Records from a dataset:
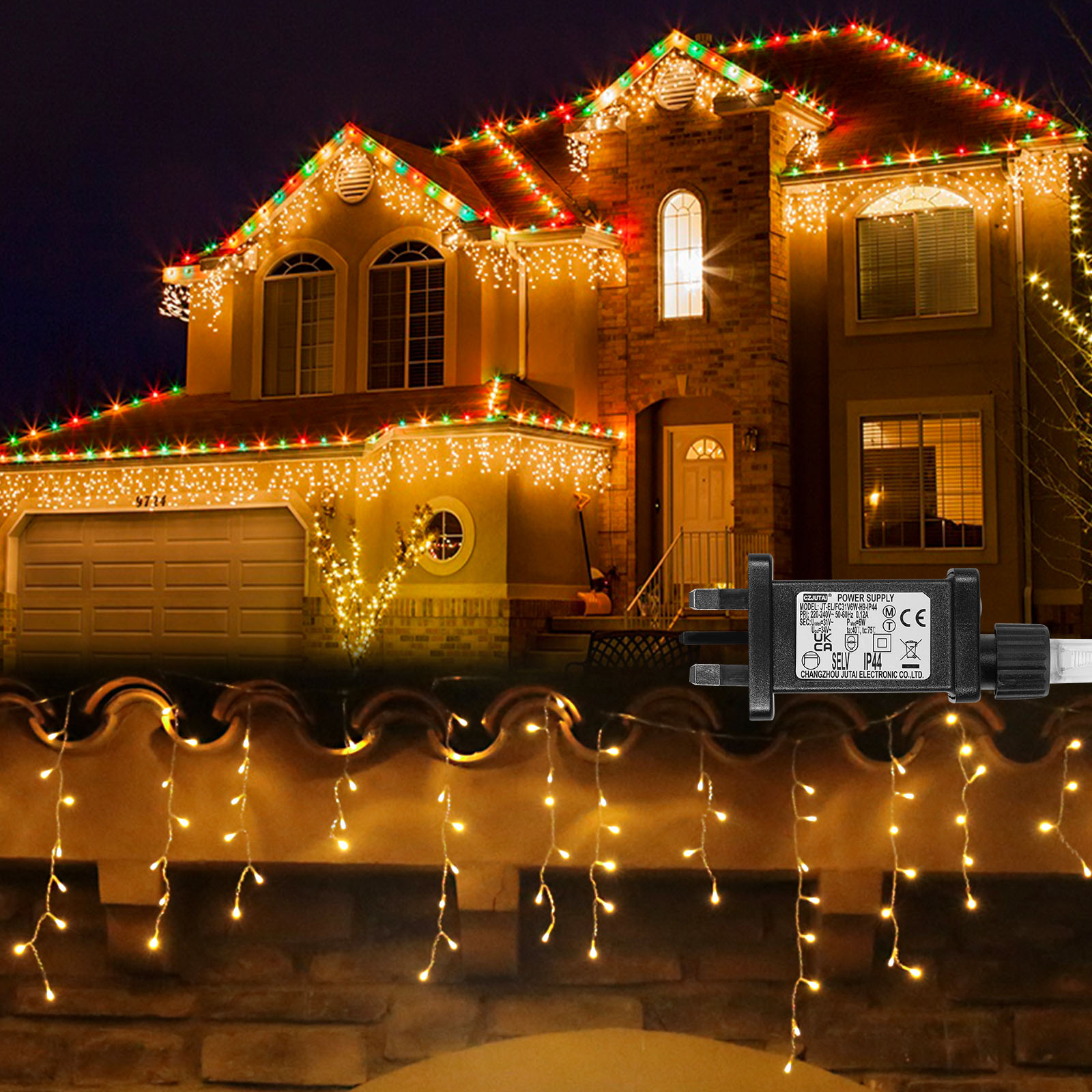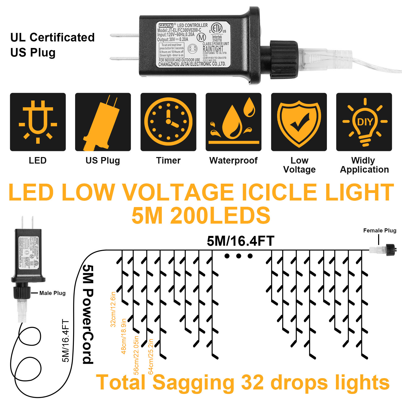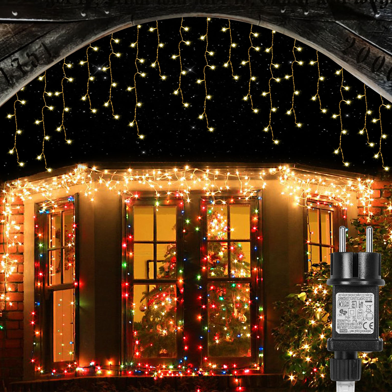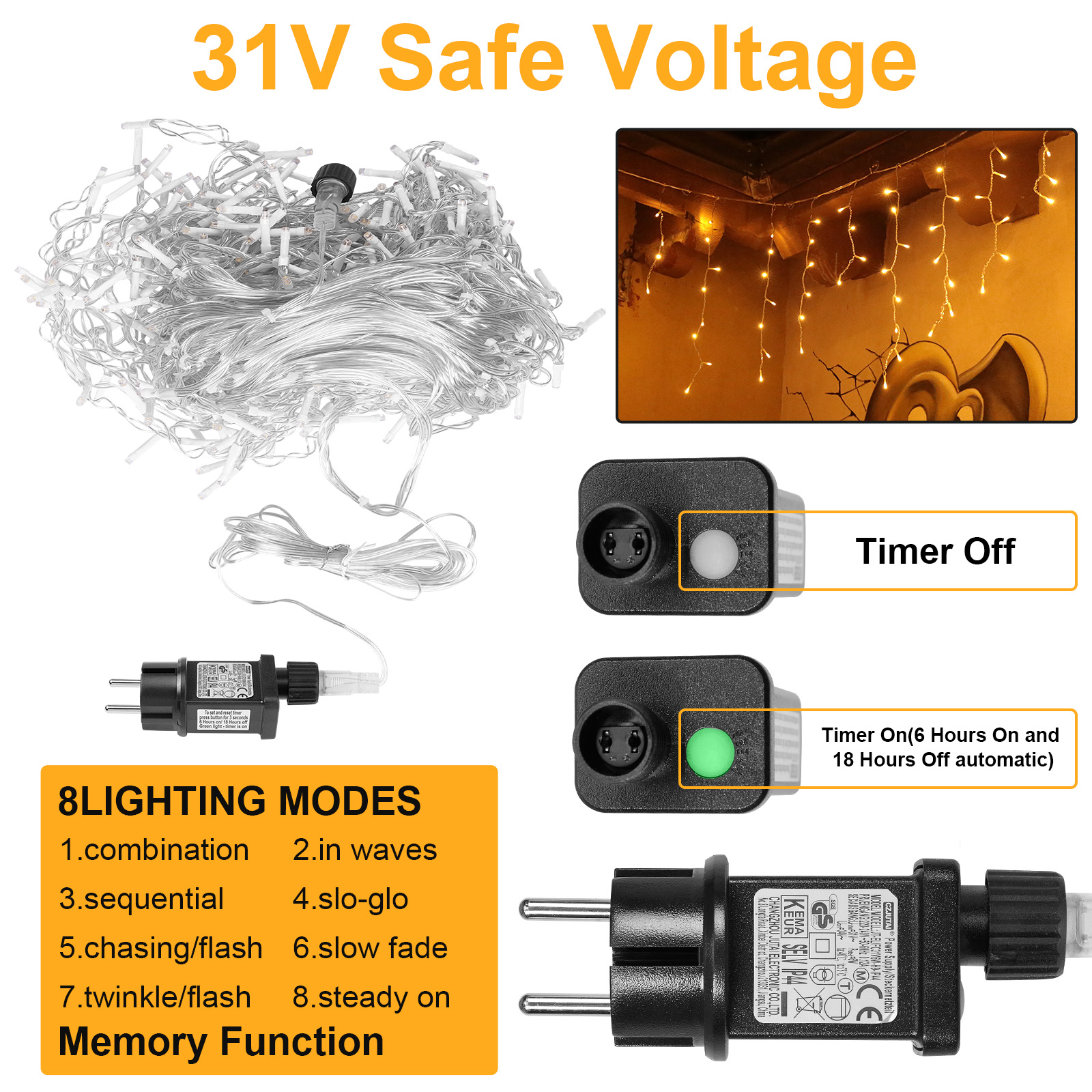 Guirnalda de luces LED para carámbano de 5M/10M/15M con cable de plomo de 5M/16,4 pies Función de memoria de bajo voltaje Temporizador de 8 modos Luces navideñas para carámbano impermeables Luces de carámbano para interiores y exteriores para decoraciones navideñas y bodas
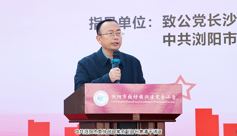 中共瀏陽市委統(tǒng)戰(zhàn)部常務副部長焦清平講話。“同心護花開·一起向未來”主題活動是瀏陽統(tǒng)一戰(zhàn)線2023年助力鄉(xiāng)村振興,開展社會服務的重要舉措之一。今天的活動既有資助項目,又有實踐基地,這種形式為學校長遠的發(fā)展和孩子健康成長的計劃做得更加有聲有色,有形有象。未成年人的健康成長需要全社會的關注,我們希望通過這個平臺可以引領更多的愛心人士,更多的黨員企業(yè)來關注,將這些力量聚的更強,將平臺打造成為更有影響力更大的工作品牌。我們要以此次活動為契機,進一步把行動聚焦落實到參政議政,民主監(jiān)督,把力量凝聚到服務經濟社會發(fā)展,講好中國故事,講好瀏陽故事上,在瀏陽高質量發(fā)展的新征程中,彰顯致公的更大擔當,貢獻更大的致公力量。
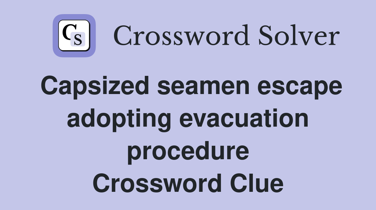 Capsized seamen escape adopting evacuation procedure Crossword Clue
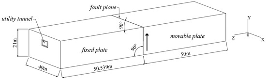 In recent years, with the acceleration of urbanization in China, the demands for electricity, communication, gas, and water have greatly increased, which have promoted development of long underground engineering structures, such as urban underground utility tunnels [1,2]. Owing to long construction periods and severe environmental impacts of the traditional cast-in-place concrete utility tunnels, prefabricated utility tunnels have been widely used in many cities in recent years [3]. Long-term waterproofing capability is usually the key goal of the design of the underground fabricated concrete structures, in which the waterproofing capability of the interface between the segments of the fabricated concrete structures is particularly important, and rubber strips are usually used in the design [4]. Underground engineering structures are inevitably affected by active faults [5]. Under the action of fault displacement, the contact pressure between the rubber strip and the interface of the utility tunnel decreases with an increase in the opening of the spliced joints of the utility tunnel, leading to a significant decrease in the waterproofing capacity of the spliced joints [4,6]. Therefore, it is necessary to understand the structural response characteristics of the fabricated utility tunnels under the action of fault displacement.
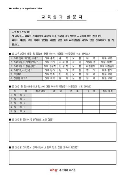 서식 하단에 회사 로고와 함께 서식 상단에 회사 슬로건 등의 문구를 삽입할 수 있도록 제작된 교육성과 설문지입니다. 교육 실시에 관한 참고자료로 활용하실 수 있습니다.
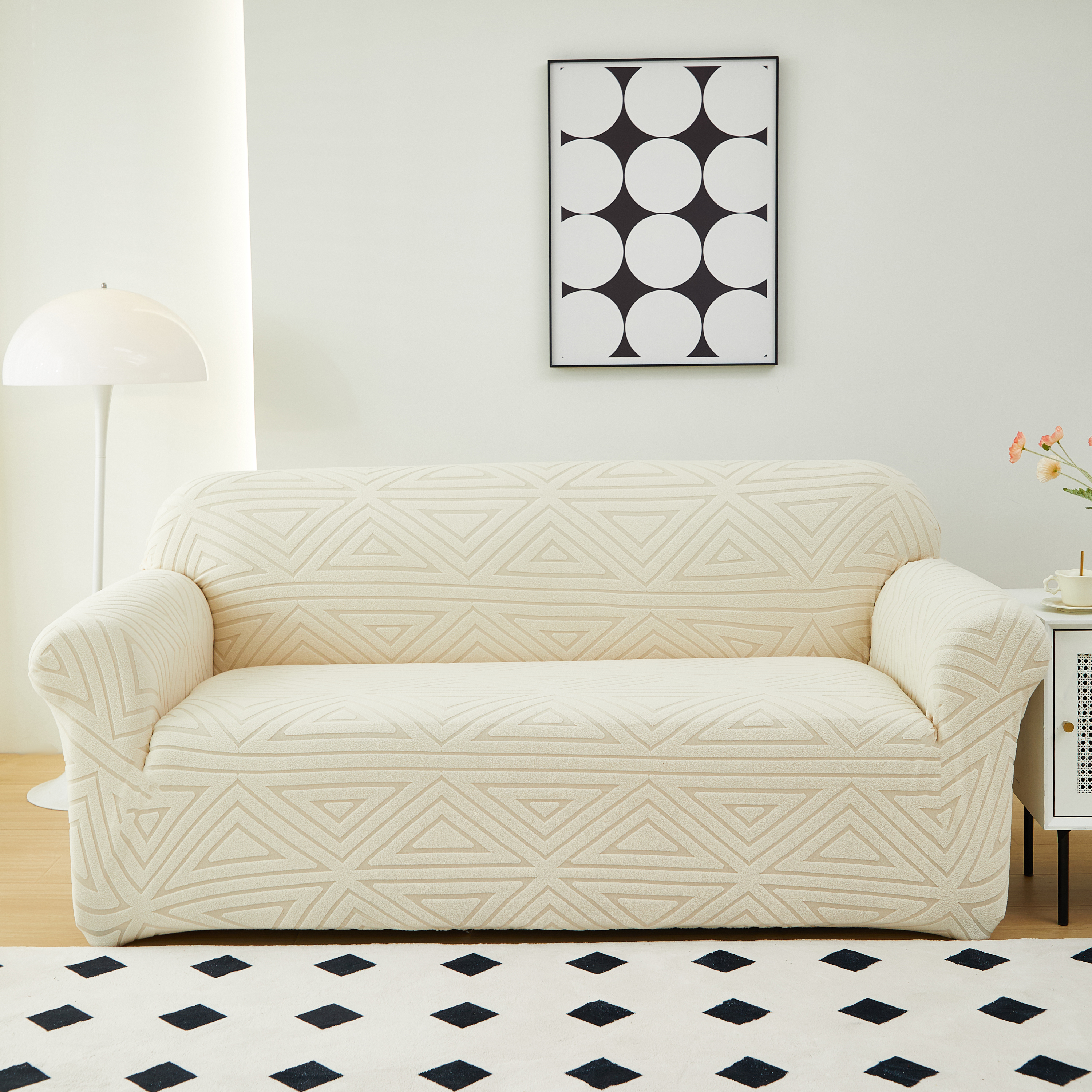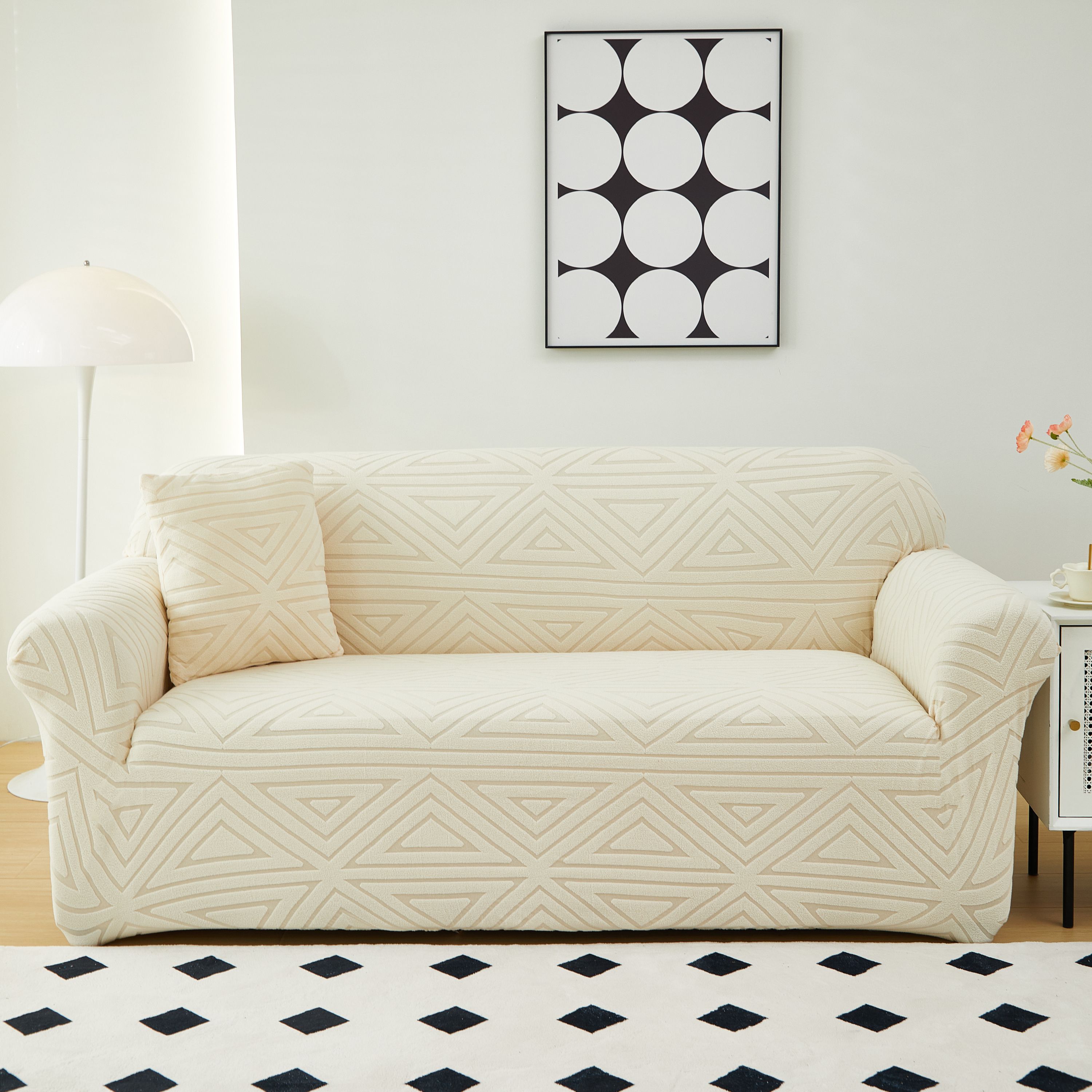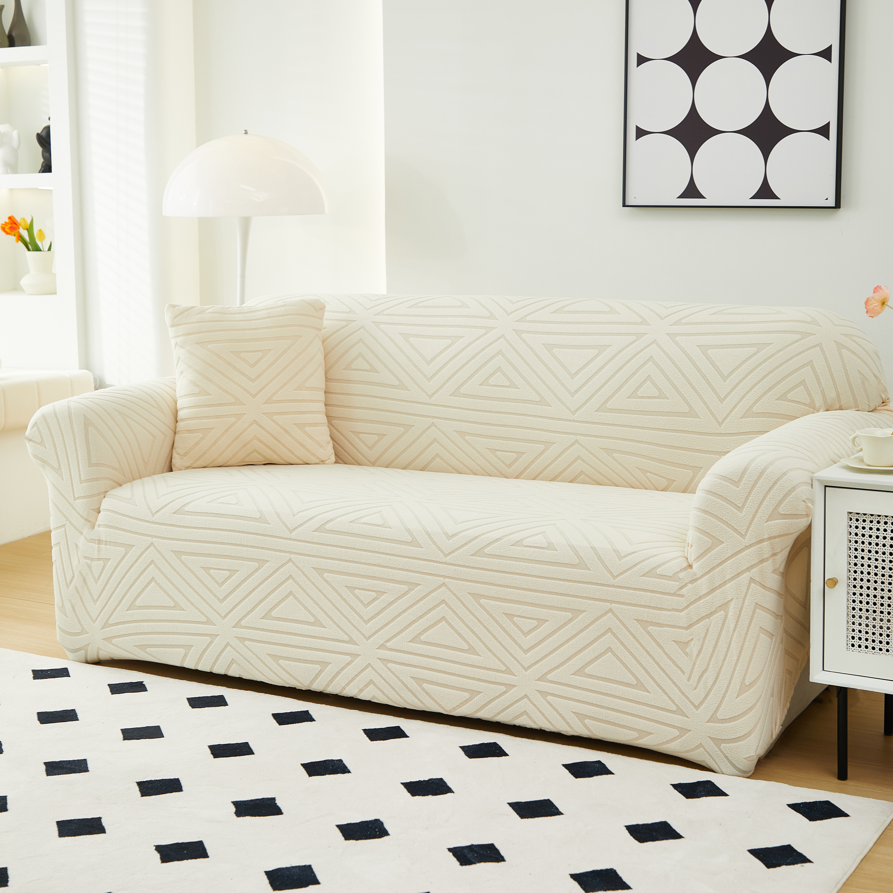 商品名称:逐日沙发套 2023新款提花沙发套-双角 双角-米黄色

→ **How to complete this task**
Transcribe the lines above exactly, beginning at the one with "中共瀏陽市委統(tǒng)戰" and ending at the one with "Capsized seamen escape". Include both; exclude the pictures.

→ **Answer for this exercise**
 中共瀏陽市委統(tǒng)戰(zhàn)部常務副部長焦清平講話。“同心護花開·一起向未來”主題活動是瀏陽統(tǒng)一戰(zhàn)線2023年助力鄉(xiāng)村振興,開展社會服務的重要舉措之一。今天的活動既有資助項目,又有實踐基地,這種形式為學校長遠的發(fā)展和孩子健康成長的計劃做得更加有聲有色,有形有象。未成年人的健康成長需要全社會的關注,我們希望通過這個平臺可以引領更多的愛心人士,更多的黨員企業(yè)來關注,將這些力量聚的更強,將平臺打造成為更有影響力更大的工作品牌。我們要以此次活動為契機,進一步把行動聚焦落實到參政議政,民主監(jiān)督,把力量凝聚到服務經濟社會發(fā)展,講好中國故事,講好瀏陽故事上,在瀏陽高質量發(fā)展的新征程中,彰顯致公的更大擔當,貢獻更大的致公力量。
 Capsized seamen escape adopting evacuation procedure Crossword Clue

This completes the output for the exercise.